Anche con il romanzo Lourdes, in cui racconta il grottesco fascino della religione popolare in uno strano pellegrinaggio, aveva seguito lo stesso metodo?
«Lourdes non si può raccontare senza esserci mai stato dentro. In una narrazione ci devono essere dei dati reali, altrimenti è fantascienza. C’è sempre una esperienza diretta. Poi, ovviamente il racconto non è una cronaca, ma è mutuato dalla creazione letteraria».
Lei usa molta ironia nella scrittura, una caratteristica non comune nella letteratura italiana.

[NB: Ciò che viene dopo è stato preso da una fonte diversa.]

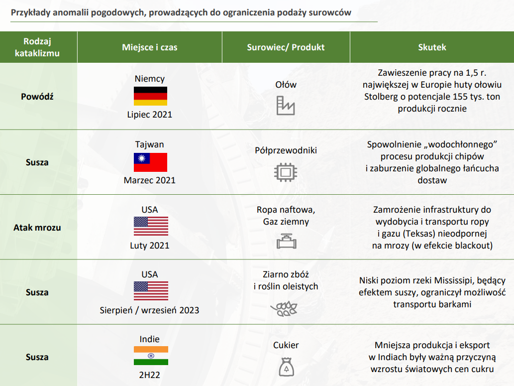 Należy pamiętać, że katastrofy naturalne mogą powodować m.in. przerwy w dostawach surowców (wzrost cen i spadek produkcji) i uszkodzenia infrastruktury (utrudniony transport i handel).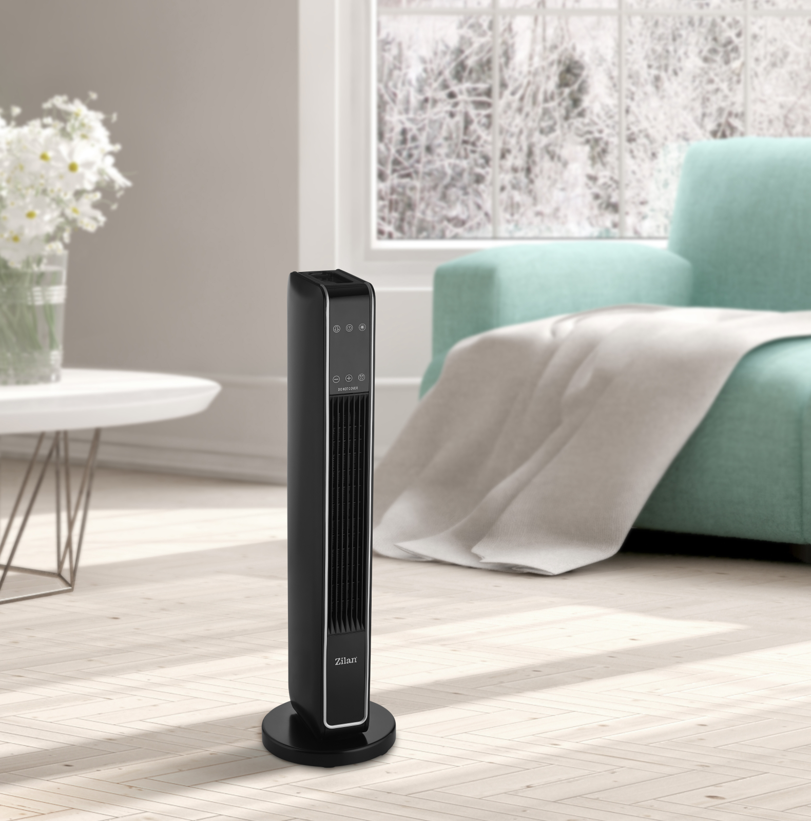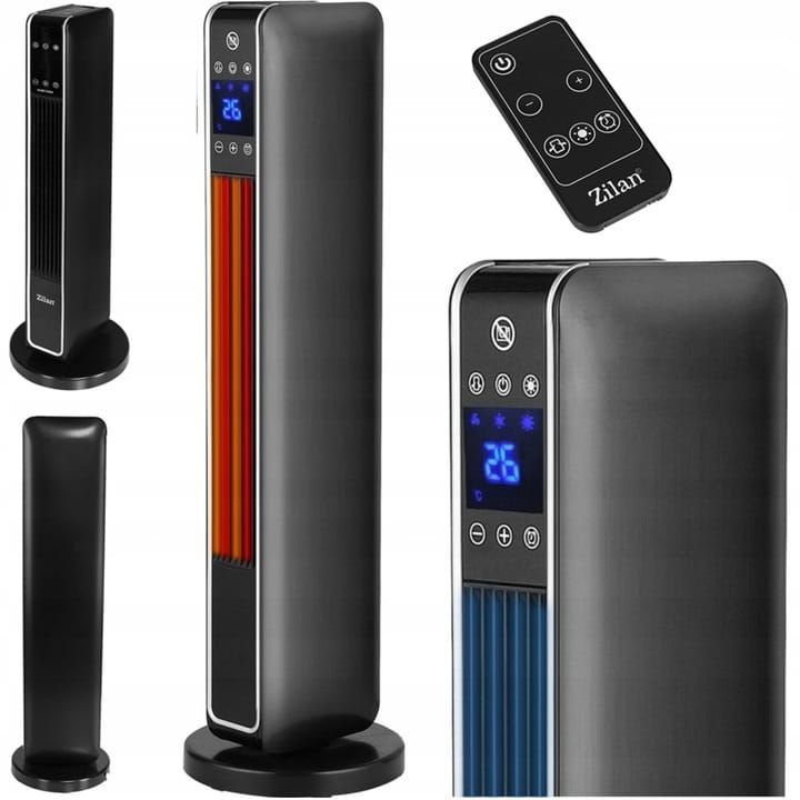 Aeroterma ceramica turn Zilan ZLN2076 Negru, 2200W, Ecran cu atingere, Timer 8H

«Mi ha sempre incuriosito l’ironia, credo che abbia un grande potenziale narrativo. Credo sia importante non prendersi sul serio, credo sia una formula da prendere nella vita».
Cosa l’ha affascinata di queste sedute di psicoterapia collettiva?
«Mi colpisce la rappresentazione. Persone sconosciute diventano immediatamente i tuoi cari. La partecipazione delle persone a questi incontri è totale, è come un esperimento medianico».
Cosa li spinge ad abbandonare le proprie timidezze e rigidità?
«Il cerchio che si forma, dove c’è un campo morfogenico».
Le è capitato che i suoi lettori si offendessero per l’ironia che mette nelle descrizioni di certe realtà?
 «Con Lourdes ricevevo lettere inferocite di vecchie dame lombarde che mi accusavano di aver sottolineato aspetti squallidi del pellegrinaggio. Però molti mi ringraziavano per aver scoperto una esperienza che altrimenti non avrebbero vissuto».
Anche con i seguaci della psicoterapia delle costellazioni succederà la stessa cosa?
«Qualcuno mi ha detto che le costellazioni familiari “non sono così”, ma è necessario ricordare una cosa fondamentale: questo non è un saggio, è un romanzo, e nel romanzo ci deve essere la libertà del racconto…»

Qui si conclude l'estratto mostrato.